Deux hommes de police entrèrent.

Par instinct, le fermier se recula vivement, blême, presque épouvanté.

— Monsieur MacSon, dit l’un des hommes de police avec un sourire ironique, vous êtes requis de nous suivre à Bremner où l’on a besoin de vous.

MacSon devina qu’on venait l’arrêter. Il voulut se rebeller, redressa sa haute taille, gonfla ses joues, fit articuler les muscles de ses bras énormes.

Cette mimique ne parut pas intimider les deux hommes.

— Nous n’avons pas de temps à perdre, dit l’homme de police, et préparez-vous à nous suivre.

Ceci fut dit sur un ton péremptoire.

MacSon, alors, vit deux pistolets automatiques pendus à la ceinture des constables, et lui n’avait pas d’arme. Résister, c’était inutile et c’était aggraver les choses.

Il perdit donc un peu de son air hautain et demanda :

— Vous m’arrêtez ?

— Voici le mandat ! fit l’autre homme de police en exhibant une feuille de papier.

— Mais pourquoi ?

L’homme de police se mit à lire le papier.

— Pour avoir assassiné d’un coup de feu un nommé Hansen dans la nuit du 27 au 28 octobre.

MacSon demeura frappé de stupeur. Puis il éclata d’un rire énorme, d’une rire qui résonna sinistrement dans la maisonnette silencieuse.

— J’ai assassiné Hansen, moi ? s’écria-t-il. Je n’aurais jamais pensé qu’il y eût au monde des gens assez bêtes pour porter une telle accusation.

De nouveau il éclata de rire.

L’un des policiers le réprimanda sévèrement.

— MacSon, dit-il, ne riez pas, car l’affaire est plus grave que vous pensez. L’accusation a été faite par Hansen lui-même avant de mourir.

L’Écossais demeura bouche bée, stupide d’hébétement.

— Ah ! bien, murmura-t-il, je fais un rêve… ou bien je suis fou !

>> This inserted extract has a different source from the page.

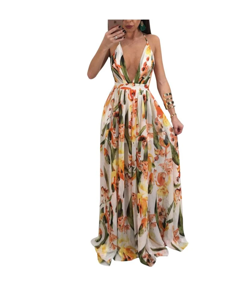 Fashion Print Deep V Neck Open Back Chiffon Beach Sling Wide Swing Dress Sexy Wholesale Maxi Dresses SD55497

Et ce fut, en effet, comme en un rêve qu’il partit quelques minutes après, sans dire une parole à Héraldine qui défaillait, sans regarder ses enfants qui, stupéfaits, regardaient cette scène indéchiffrable pour leur jeune cerveau.

Bientôt la voiture s’éloigna emportant un prisonnier : MacSon.

Héraldine alors se laissa choir sur un siège, attira les deux enfants sur son sein et laissa libre cours à ses larmes trop longtemps retenues.